The Food: Few Indian restaurants in New York offer a tasting menu, but Shetty’s modern, produce-driven approach fits the form. A seven-course option ($135 per) kicks off with a delicate, Kaluga-caviar-capped raw tuna tartlette imbued with chilis, sundried garlic, and onion, plus clove, pickled ginger, and avocado. Later dishes include a rich, 14-hour-braised short rib over an airy corn espuma, enhanced with a cardamom-accented toasty pasilla chili sauce and a roasted corn salsa.
Guests who order à la carte begin their meal with a delicate, flower-shaped murukku rice cracker, its crisp latticework cradling a silky avocado purée laced with cilantro, ginger, chili, and lime, adorned with applewood smoke-imbued trout roe and a few tangy drops of sour tamarind and hibiscus.

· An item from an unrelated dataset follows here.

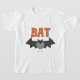 Um morcego preto do Halloween e um texto laranja que diz "BAT" em t-shirts de morcegos, fatos, canecas, cartões, autocolantes, sacos de tote, botões, ímãs e outras t-shirts e presentes MTD do Halloween.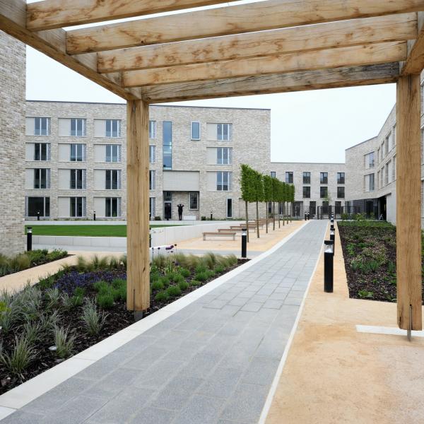 Swirles Court opened in September 2017 and is an integral part of the College, located close to the main site in the University’s urban-academic quarter at Eddington. Swirles Court contains 325 en-suite study-bedrooms, together with social and study spaces, all set around landscaped courtyards with card controlled access to create a secure environment.

Starters include a mini, fluffy fermented rice pancake uttapam shaped into a taco, filled with a soft cheesy potato mash that’s flavored with turmeric, curry leaf, and Comté (a Kaluga caviar supplement is extra).
There’s also Shetty’s chicken kofta, a green cardamom-enhanced chicken dumpling flavored with chilies and fragrant Burgundy black truffles, topped with pilsner beer-pickled yellow oyster mushrooms and finished with a generous blanket of more black truffle.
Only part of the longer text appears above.